- WHAT YOU WILL DO
Your answer should be the full data, transcribed exactly, with no pictures in it.

- MATERIAL PROVIDED
————————

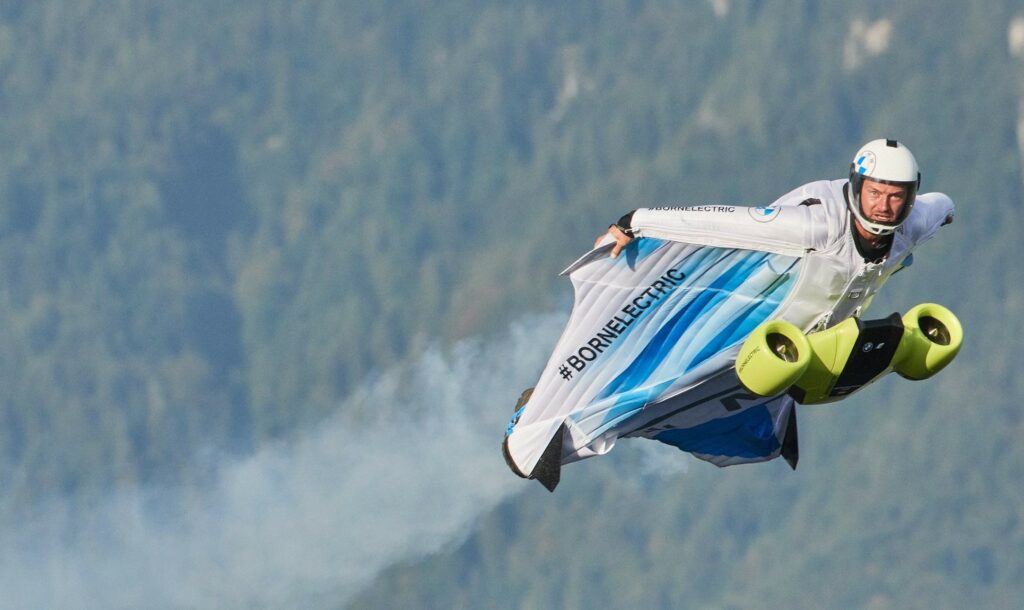 El proyecto del traje de alas electrificado de BMW i se ha llevado a cabo gracias a la aspiración de Peter Salzmann por elevar el deporte de los trajes de alas a un nuevo nivel. El austriaco, de 33 años, es instructor de paracaidismo, al tiempo que también ha hecho del salto base y del paracaidismo su profesión. Además de formación en paracaidismo y vuelo con traje de alas, también ejecuta acrobacias para cine así como actuaciones en distintos espectáculos. Cuando salta desde un acantilado o desde un avión, Salzmann utiliza la capa de tejido que se extiende entre los brazos y las piernas de su traje de alas como un parapente que le permite generar un movimiento de vuelo horizontal aprovechando la velocidad de caída y el flujo del aire. Por cada metro de descenso se pueden lograr hasta tres metros de vuelo horizontal. Los paracaidistas con traje de alas pueden alcanzar velocidades superiores a los 100 km/h.
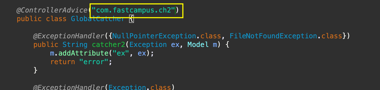 수정이 필요한 클래스는 별도로 지정하여 @ExceptionHanlder를 적용시킬수 있다.
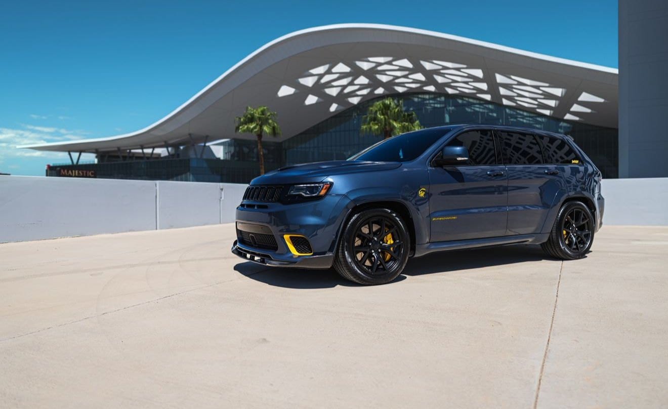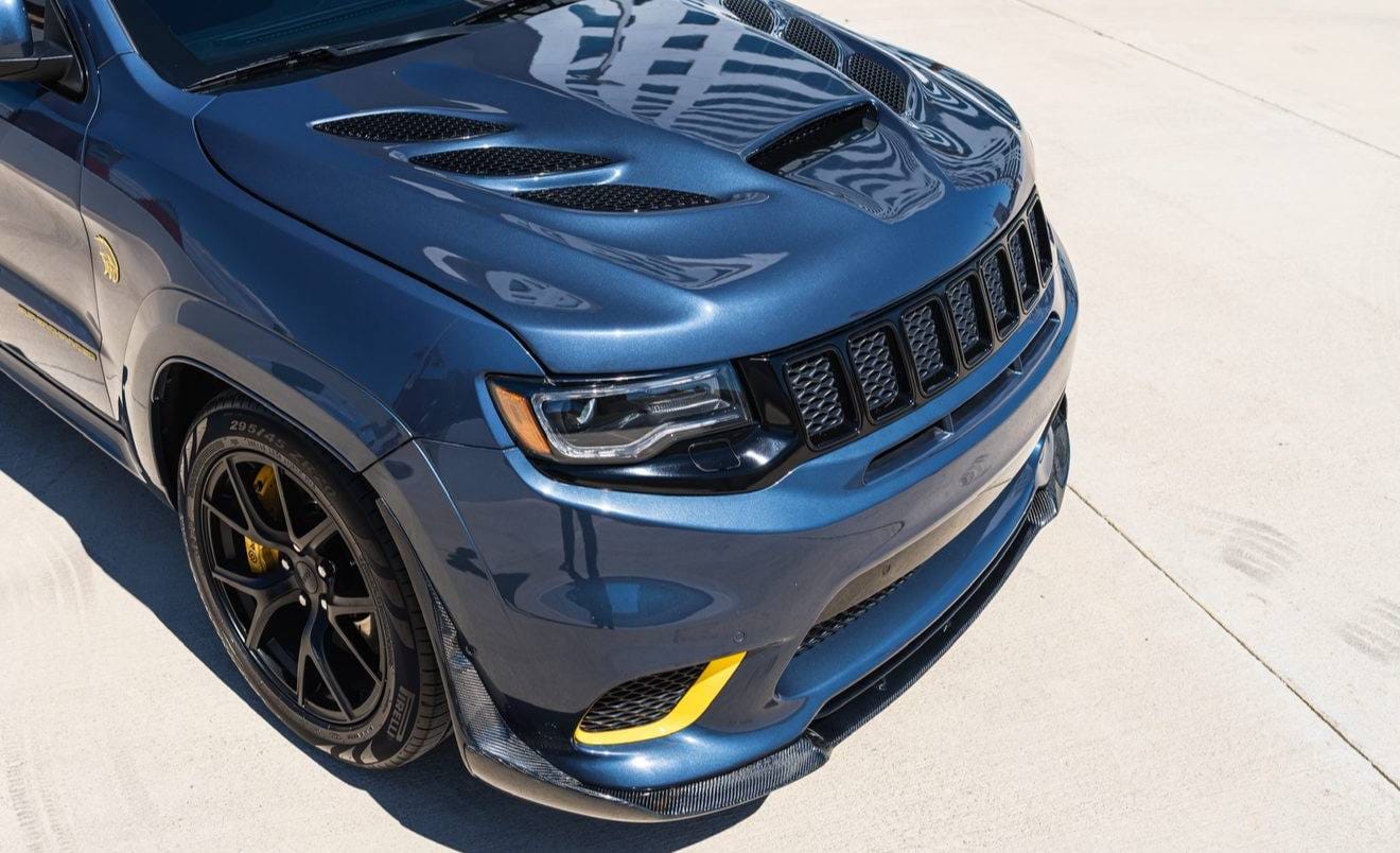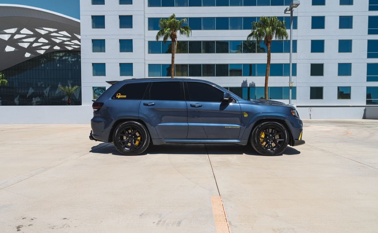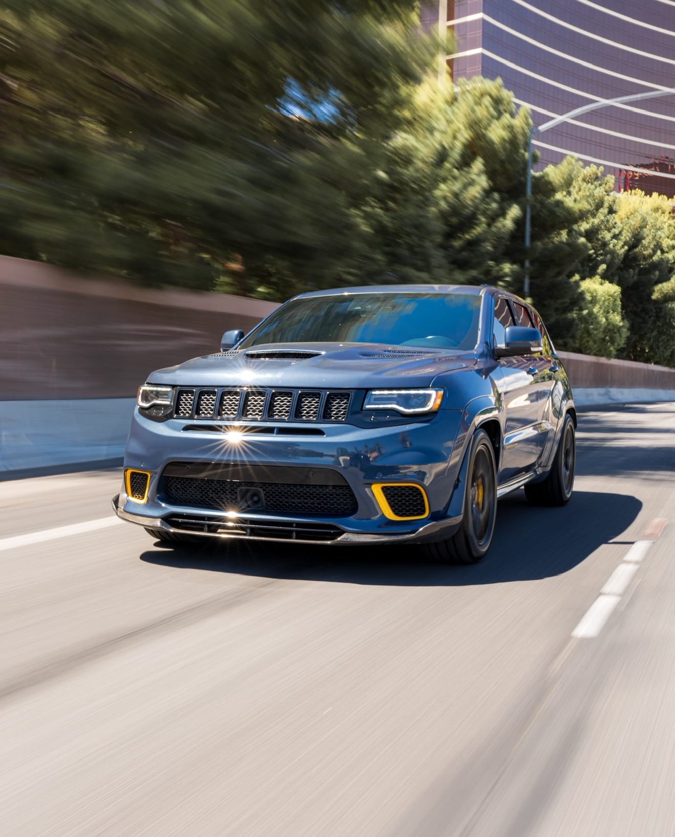 1300+awhp 2019 Jeep Grand Cherokee Trackhawk in Slate Blue with 27,000 (Chassis) miles for sale! This incredibly fast 8-second Trackhawk was built and tuned by RSPDMV, the entire build was well documented with over $150K in invoices showcasing every single thing done to the vehicle. Not only is this Trackhawk heavily modified, but it’s also a very rare spec with it being 1 of only 20 Slate Blue Trackhawks produced for the USA market in 2019. Sporting a monstrous Demon Performance 426ci engine with a 3.8L Whipple Stage 2 supercharger kit, this beast churned out over 1300awhp on the biggest pulley. Diving deeper into the engine build, the 426ci was fitted with billet mains, a forged crankshaft, AFR high flow racing heads, upgraded camshaft (matched for Whipple setup), and a pair of billet valve covers (powder coated yellow), just to name a few. The drivetrain features a Sipple built 8HP95 8-speed automatic transmission along with a Sipple built transfer case. Additional upgrades include a Big Gun air intake, 2100cc fuel injectors, Stage 3+ I/C Interchiller, and more. As for track times, this Trackhawk previously ran an 8.9 in the 1/4-mile with the old engine (same setup). There are currently only 100 miles on the new engine build! Clean title!

————————

- REPLY
 El proyecto del traje de alas electrificado de BMW i se ha llevado a cabo gracias a la aspiración de Peter Salzmann por elevar el deporte de los trajes de alas a un nuevo nivel. El austriaco, de 33 años, es instructor de paracaidismo, al tiempo que también ha hecho del salto base y del paracaidismo su profesión. Además de formación en paracaidismo y vuelo con traje de alas, también ejecuta acrobacias para cine así como actuaciones en distintos espectáculos. Cuando salta desde un acantilado o desde un avión, Salzmann utiliza la capa de tejido que se extiende entre los brazos y las piernas de su traje de alas como un parapente que le permite generar un movimiento de vuelo horizontal aprovechando la velocidad de caída y el flujo del aire. Por cada metro de descenso se pueden lograr hasta tres metros de vuelo horizontal. Los paracaidistas con traje de alas pueden alcanzar velocidades superiores a los 100 km/h.
 수정이 필요한 클래스는 별도로 지정하여 @ExceptionHanlder를 적용시킬수 있다.
 1300+awhp 2019 Jeep Grand Cherokee Trackhawk in Slate Blue with 27,000 (Chassis) miles for sale! This incredibly fast 8-second Trackhawk was built and tuned by RSPDMV, the entire build was well documented with over $150K in invoices showcasing every single thing done to the vehicle. Not only is this Trackhawk heavily modified, but it’s also a very rare spec with it being 1 of only 20 Slate Blue Trackhawks produced for the USA market in 2019. Sporting a monstrous Demon Performance 426ci engine with a 3.8L Whipple Stage 2 supercharger kit, this beast churned out over 1300awhp on the biggest pulley. Diving deeper into the engine build, the 426ci was fitted with billet mains, a forged crankshaft, AFR high flow racing heads, upgraded camshaft (matched for Whipple setup), and a pair of billet valve covers (powder coated yellow), just to name a few. The drivetrain features a Sipple built 8HP95 8-speed automatic transmission along with a Sipple built transfer case. Additional upgrades include a Big Gun air intake, 2100cc fuel injectors, Stage 3+ I/C Interchiller, and more. As for track times, this Trackhawk previously ran an 8.9 in the 1/4-mile with the old engine (same setup). There are currently only 100 miles on the new engine build! Clean title!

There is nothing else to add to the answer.